**GIVEN RECORDS**
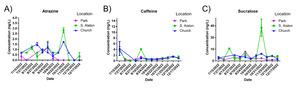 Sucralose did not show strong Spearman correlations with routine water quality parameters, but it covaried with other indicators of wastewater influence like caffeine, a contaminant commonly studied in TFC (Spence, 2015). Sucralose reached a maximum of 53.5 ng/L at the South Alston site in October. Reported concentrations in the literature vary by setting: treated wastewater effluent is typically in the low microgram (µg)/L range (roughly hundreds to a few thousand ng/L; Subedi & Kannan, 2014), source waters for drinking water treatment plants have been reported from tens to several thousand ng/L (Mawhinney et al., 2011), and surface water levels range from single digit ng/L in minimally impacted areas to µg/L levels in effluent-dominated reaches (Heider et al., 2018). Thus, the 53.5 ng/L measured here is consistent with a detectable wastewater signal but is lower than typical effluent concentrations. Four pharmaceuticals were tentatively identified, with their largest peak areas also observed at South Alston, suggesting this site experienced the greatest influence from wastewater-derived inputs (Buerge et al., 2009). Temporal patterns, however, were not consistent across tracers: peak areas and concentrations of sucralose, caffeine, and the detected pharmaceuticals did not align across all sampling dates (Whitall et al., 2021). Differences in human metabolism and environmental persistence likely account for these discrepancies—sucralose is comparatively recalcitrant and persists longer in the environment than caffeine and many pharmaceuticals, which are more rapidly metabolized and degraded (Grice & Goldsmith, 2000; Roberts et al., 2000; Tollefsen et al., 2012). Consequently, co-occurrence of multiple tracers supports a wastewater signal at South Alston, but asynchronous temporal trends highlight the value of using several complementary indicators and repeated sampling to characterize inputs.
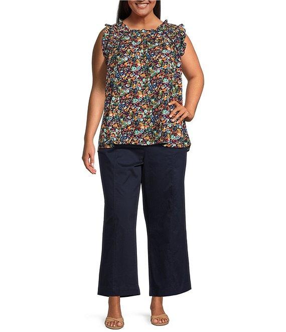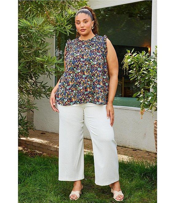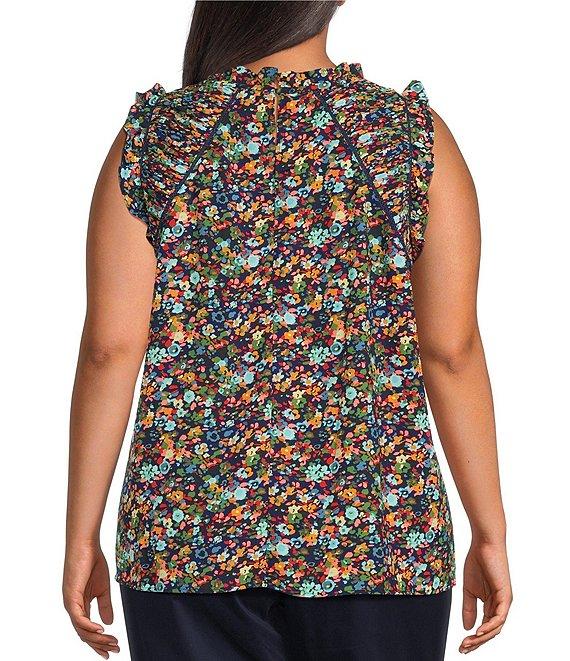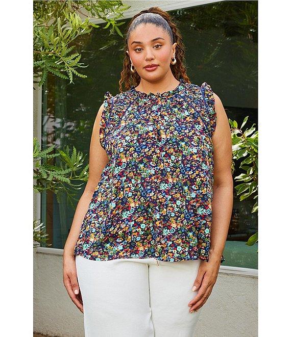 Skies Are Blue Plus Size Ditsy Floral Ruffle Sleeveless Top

--

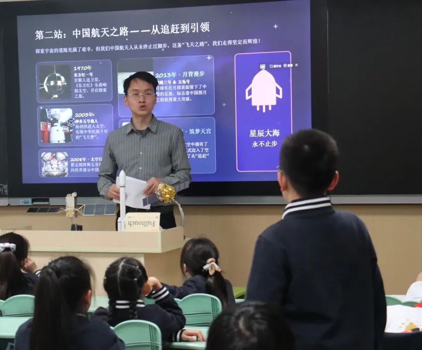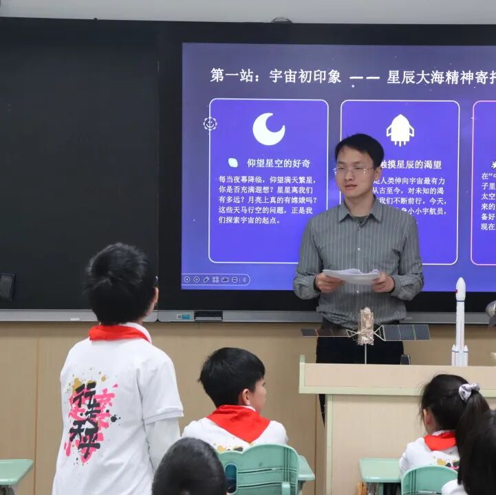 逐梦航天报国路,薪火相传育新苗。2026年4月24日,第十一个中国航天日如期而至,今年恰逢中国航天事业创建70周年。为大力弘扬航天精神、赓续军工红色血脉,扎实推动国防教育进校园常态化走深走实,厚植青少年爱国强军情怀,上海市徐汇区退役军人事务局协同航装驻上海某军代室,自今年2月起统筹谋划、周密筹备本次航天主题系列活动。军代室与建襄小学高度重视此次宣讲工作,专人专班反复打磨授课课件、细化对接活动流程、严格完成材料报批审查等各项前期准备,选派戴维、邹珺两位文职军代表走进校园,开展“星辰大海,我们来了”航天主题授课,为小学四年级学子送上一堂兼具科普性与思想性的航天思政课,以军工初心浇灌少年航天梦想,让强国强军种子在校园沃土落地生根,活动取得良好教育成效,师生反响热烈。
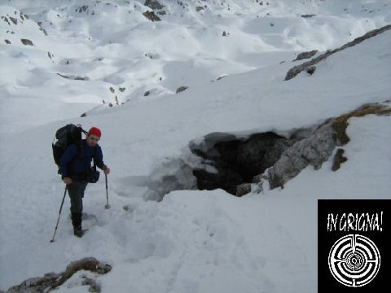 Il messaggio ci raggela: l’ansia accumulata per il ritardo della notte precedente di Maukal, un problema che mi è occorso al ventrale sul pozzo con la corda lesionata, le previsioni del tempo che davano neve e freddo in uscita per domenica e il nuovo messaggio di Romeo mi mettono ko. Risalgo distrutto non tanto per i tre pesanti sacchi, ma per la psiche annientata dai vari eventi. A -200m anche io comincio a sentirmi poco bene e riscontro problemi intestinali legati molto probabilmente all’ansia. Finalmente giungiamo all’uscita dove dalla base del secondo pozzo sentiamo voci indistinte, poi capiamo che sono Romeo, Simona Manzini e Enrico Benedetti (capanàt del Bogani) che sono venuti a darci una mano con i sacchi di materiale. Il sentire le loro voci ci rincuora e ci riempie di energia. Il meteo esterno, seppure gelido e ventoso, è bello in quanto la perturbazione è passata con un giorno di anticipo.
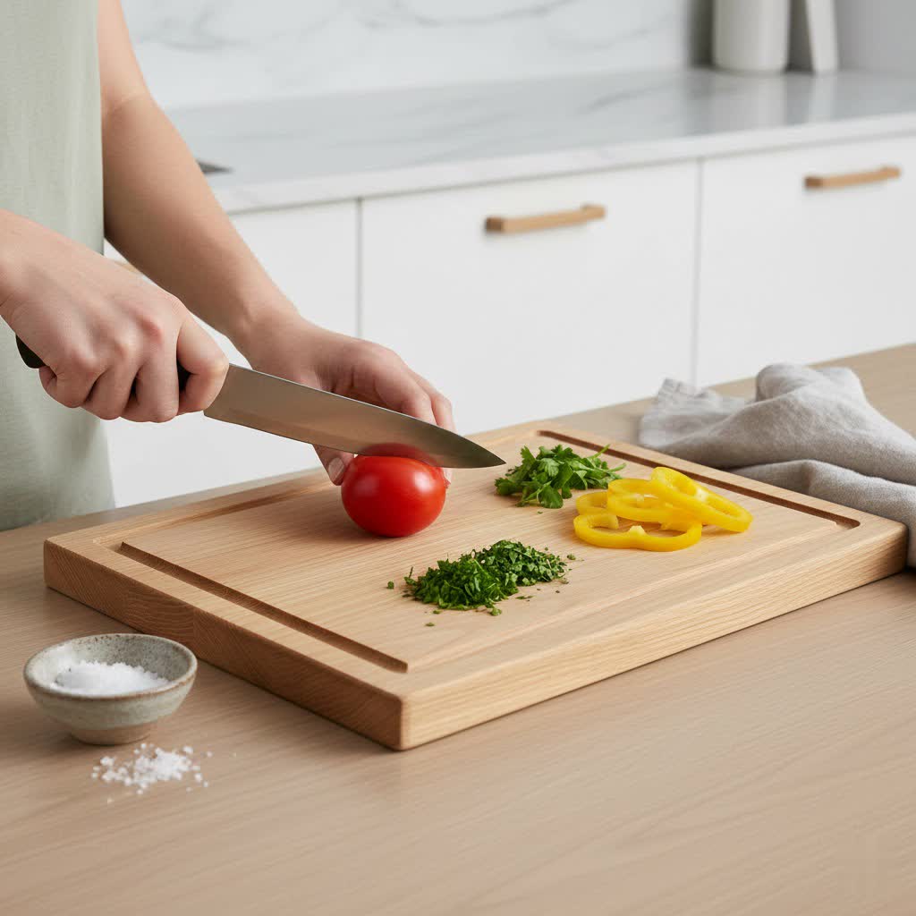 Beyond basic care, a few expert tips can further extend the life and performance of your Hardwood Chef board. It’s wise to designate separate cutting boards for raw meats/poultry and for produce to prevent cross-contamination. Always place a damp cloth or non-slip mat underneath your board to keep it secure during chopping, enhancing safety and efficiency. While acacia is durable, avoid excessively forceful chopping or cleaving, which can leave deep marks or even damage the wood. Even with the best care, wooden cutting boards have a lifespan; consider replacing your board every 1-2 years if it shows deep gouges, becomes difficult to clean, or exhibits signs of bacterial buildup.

...

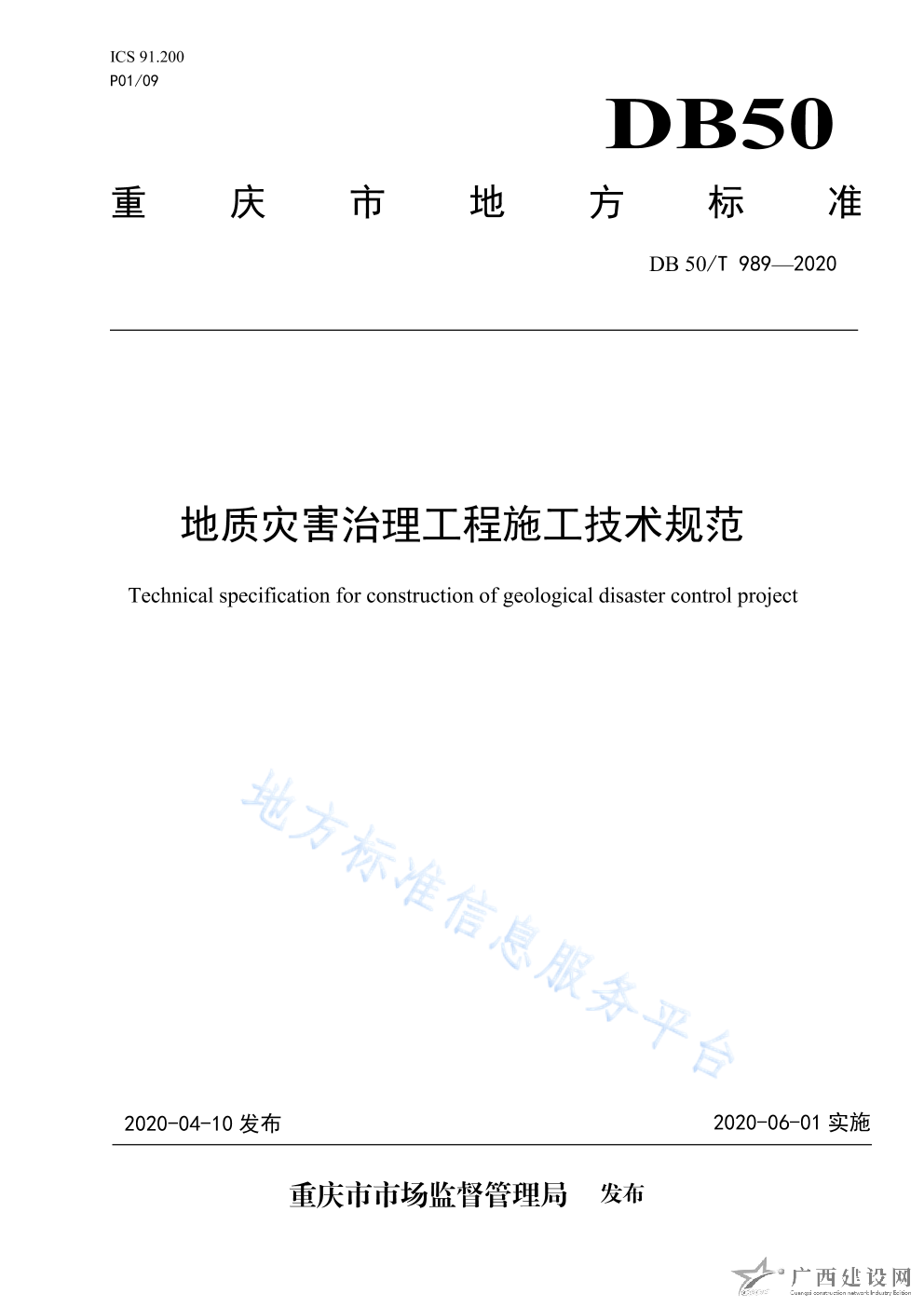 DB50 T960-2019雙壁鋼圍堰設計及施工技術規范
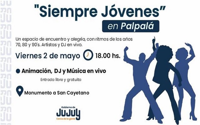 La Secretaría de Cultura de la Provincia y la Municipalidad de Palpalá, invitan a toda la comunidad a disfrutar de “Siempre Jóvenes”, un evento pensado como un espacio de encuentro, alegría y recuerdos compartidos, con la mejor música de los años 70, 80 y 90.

**WHAT THE TASK REQUIRES**
Your answer should consist of the lines above between those holding "DB50 T960-2019雙壁鋼圍堰設計及施工技術規范" and "La Secretaría de", inclusive, reproduced word for word and without pictures.

**OUTPUT FOR THIS EXERCISE**
 DB50 T960-2019雙壁鋼圍堰設計及施工技術規范
 La Secretaría de Cultura de la Provincia y la Municipalidad de Palpalá, invitan a toda la comunidad a disfrutar de “Siempre Jóvenes”, un evento pensado como un espacio de encuentro, alegría y recuerdos compartidos, con la mejor música de los años 70, 80 y 90.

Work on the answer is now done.